MidEuropa
- Type: Private Ownership
- Industry: Private Equity
- Founded: 1999; 27 years ago
- Headquarters: London, UK
- Products: Secondary Investments Equity co-investments
- Total assets: €5.3 billion
- Website: www.mideuropa.com

= Mid Europa Partners =

Private equity company

MidEuropa is an independent private equity player in Central and Eastern Europe focused on Central and Eastern Europe with approximately €5.3 billion of assets under management.

==Strategy==
MidEuropa seeks to take controlling stakes in its investments either on its own or working alongside other financial or strategic partners. They typically invest €50 million to €300 million in companies with enterprise values ranging from €100 million to €1,500 million, which are cash-flow generative and have dominant market positions in sectors with high barriers to entry.

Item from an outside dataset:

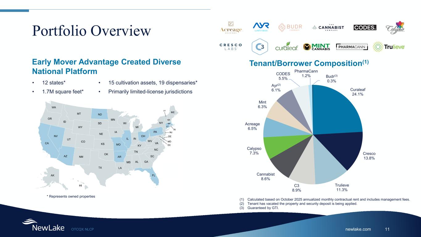 newlake.comOTCQX: NLCP 28 Dispensary Property List Tenant State City Date Acquired % Leased Square Feet Invested / Committed Capital $ In Place Under Development Total Invested Total Committed Total $ Total $ PSF Budr(1) Connecticut Uncasville 10/31/2019 100% 2,872 $925,751 $322 The Cannabist Company Illinois Chicago 12/23/2019 100% 4,736 $1,127,931 $238 The Cannabist Company Massachusetts Greenfield 12/23/2019 100% 4,290 $2,108,951 $492 The Cannabist Company California San Diego 12/23/2019 100% 2,470 $4,581,419 $1,855 Cresco Labs Ohio Proctorville 2/19/2025 100% 5,807(3) $285,000 $705,000 $990,000 $171 Cresco Labs Ohio Bridgeport 4/25/25 100% - 3,508 $500,000 $375,000 $875,000 $223 Curaleaf Illinois Chicago 1/31/2021 100% 5,040 $3,152,185 $625 Curaleaf North Dakota Minot 1/31/2021 100% 4,590 $2,011,530 $438 Curaleaf Connecticut Groton 2/28/2020 100% 11,181 $2,773,755 $248 Curaleaf Pennsylvania King of Prussia 1/31/2020 100% 1,968 $1,752,788 $891 Curaleaf Pennsylvania Brookville 6/12/2025 100% 4,167 $963,811 $231 Curaleaf Illinois Litchfield 1/31/2020 100% 1,851 $540,700 $292 Curaleaf Illinois Morris 1/31/2020 100% 6,100 $1,567,005 $257 Curaleaf Ohio Newark 2/28/2020 100% 7,200 $3,207,606 $446 Curaleaf Pennsylvania Morton 2/28/2020 100% 3,500 $2,111,999 $603 CODES(2) Arkansas Little Rock 1/31/2020 100% 7,592 $1,964,801 $259 PharmaCann Pennsylvania Shamokin 2/28/2020 100% 3,481 $1,200,000 $345 PharmaCann Massachusetts Shrewsbury 2/28/2020 100% 11,116 $1,900,000 $171 PharmaCann Ohio Wapakoneta 11/4/2022 100% 3,735 $1,550,000 $415 (1) Previously owned by Acreage; new tenant guaranteed by GTI (2) Previously owned by Greenlight (3) Property became operational in Q3; TI to be dispersed in Q3

In June 2007, MidEuropa (holding 65%) and France Telecom (35%) acquired the Austrian mobile phone network One for value of about €1.4 billion. The network was thereafter re-branded as Orange Austria. In February 2012, Orange Austria was then sold to Hutchison 3G, which merged the networks and ended use of the Orange brand.

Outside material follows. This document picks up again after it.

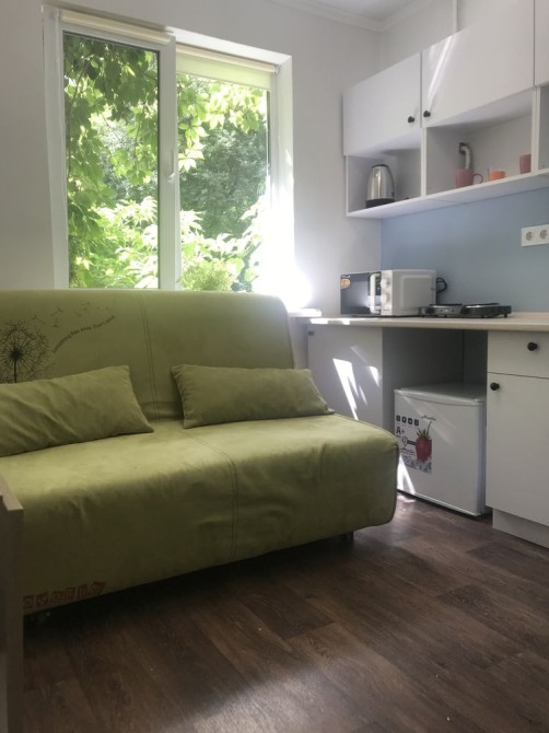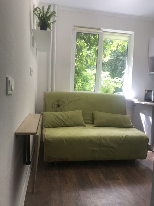 ул. Василенко 4, 1/5 этажного дома, после ремонта, квартира-студия 14 кв.м., с/у совместный, душ, полная комплектация: Диван раскладной, шкаф, стол, стулья, чайник, холодильник, СМА, бойлер, интернет есть, небольшие коммунальные. Тихий двор, к метро "Берестеская" 15 минут, рядом рынки, магазины, аптеки, хорошая транспортная развязка.

In October 2008, MidEuropa increased their shareholding in T-Mobile Czech Republic and Ceske Radiokommunikace. Other major investments by MidEuropa include the acquisition of UPC Slovenia, LUX Med, comprehensive outpatient medical care and diagnostic services to corporate and individual subscribers; Centrum medyczne LIM, the third largest private healthcare provider in Poland; and DISA, provider of moulding and metal surface preparation equipment.

In October 2009, MidEuropa bought Invitel, the Hungarian unit of TDC, Denmark's leading provider of land-line phone access. The controlling share was purchases for EUR€ 7.4 million. In addition to the 64.6% stake in Invitel Holdings AS, MidEuropa has also agreed to take on all rights and obligations of an existing € 34.1 million subordinated PIK loan, and submit a tender offer for a € 125 million loan due in 2013.

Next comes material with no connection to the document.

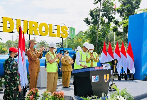 Peresmian SPAM Durolis ini, ditandai dengan penandatanganan prasasti dan pemutaran keran saluran SPAM Durolis oleh Presiden Republik Indonesia didampingi Menteri Sekretaris Negara Pratikno, Menteri PUPR Basuki Hadimuljono, Menteri BUMN Erick Thohir, Gubernur Riau Syamsuar, Bupati Rokan Hilir Afrizal Sintong, Bupati Bengkalis Kasmarni, dan Wali Kota Dumai H. Paisal.

In July 2018, MidEuropa bought 55% shares of MediGroup, the leading private healthcare provider in Serbia with 13 facilities across key cities. The seller, Blue Sea Capital, retained a 45% stake in the company. The private healthcare system MediGroup emerged in 2013 by acquisition of the most prominent and the oldest private healthcare institutions in the country, and now it is the biggest and the only private comprehensive healthcare system regarding the number of patients, procedures and locations in the region.

In June 2021, MidEuropa led the simultaneous acquisition and subsequent merger of UAB Pigu (Pigu) and Hobby Hall Group OÜ (HHG) to create the largest generalist online marketplace platform operating across three Baltic states with a growing presence in Finland.